Nguyen, a former student of Kingston’s creative nonfiction class when he attended the UC Berkeley, recalled how horrible a student he was. “There were only 14 students, and I would fall asleep,” he said. But he pointed out that it was a note from Kingston to “stop writing clichés” that would eventually leave an impact on his writing life and helped with the completion of his new nonfiction book, “Nothing Ever Dies: Vietnam and the Memory of War,” out now from Harvard University Press.

To write the truth of war, Kingston said that she always used realism but that there is always an underlying layer of myths and archetypes. When she wrote about peace, the text always comes out as poetry. After Nguyen asked what it was like to be a writer when there were so few writers of her ilk at the time, Kingston countered that she found her role models in African American authors like James Baldwin as well as work from the Beatniks.

Nguyen, who teaches at USC, read an excerpt from “Nothing Ever Dies” which tackles how war is remembered not only by the participants but by those affected by it. When an audience member asked what his first recollection of Vietnam was, Nguyen responded that he only had fragmented images of his time in Vietnam but that his first vivid memory came from when he lived in Pennsylvania at a refugee camp. He was separated from his family and taken to live with a white family. “I was 4 years old, and that was a consequence of the war,” he said, “how civilians in wars are forced to flee from it.”

When asked by the audience how to continue to write peace stories in the face of constant disappointment, Kingston returned to her memoir, “I Love a Broad Margin to My Life,” to read another excerpt, but before she did, she explained a Chinese belief of karma and time. “You have to constantly make peace because the perfect reader will come a thousand years from now,” Kingston said.

The evening ended with a question that circled back to how the authors felt to read such negative comments.
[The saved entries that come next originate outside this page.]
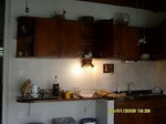 Sala, cozinha americana com armários embutidos, banheiro completo e quarto.
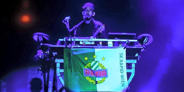Das absolute Highlight am Samstag waren die Rocker von Linkin Park. Die US-Amerikaner konnten dabei nicht nur musikalisch voll überzeugen, sondern zeigten auch Sympathien für den heimischen Fußball. Mike Shinoda holte zu Beginn des Gigs eine Rapid-Fahne auf die Bühne, befestigte sie dort und ließ sie auch den ganzen Auftritt über hängen. Den heimischen Fans hat es gefallen und auch der SK Rapid postete die überraschende Aktion der Rocker stolz auf Facebook.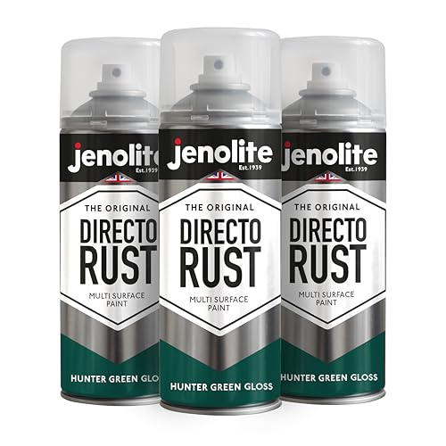 JENOLITE Directorust Gloss sprayfärg | Hunter Green | 3 x 400 ml | Direkt till rostsprayfärg för metall | Multi Surface Gloss sprayfärg för trä, metall, plast, keramik | RAL 6028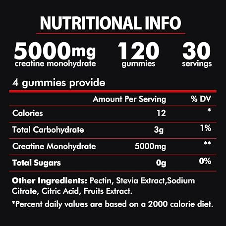 Sản phẩm Tasty Gains Creatine Monohydrate Gummies-5000mg ,Monohydrate Creatine Gummies For Women,Instantized Creatine For Women,Pre Workout Supplement For Men,Muscle Recovery Vegan (120 Count Mixed Berry) đang được bán với giá ưu đãi là $23.9691 tại nước Mỹ.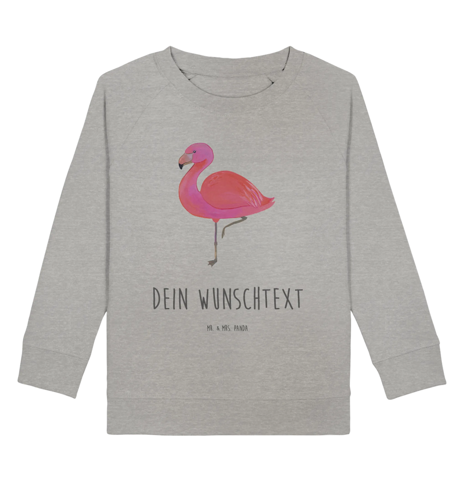 Personalisierter Kinder Pullover Flamingo classic - 12-14 Jahre (152/164) - Heather Grey

The two had similar reactions. Nguyen spoke on the burden of representation and “living in a narrative scarcity” and how that is tied to an economic scarcity. Kingston added that the expectations are just too high. “Readers expect you to tell a story that flatters them,” she said. “They expect you to do a PR job. They’ve accused me of exploiting them, but the line between honor and exploitation is really mixed.”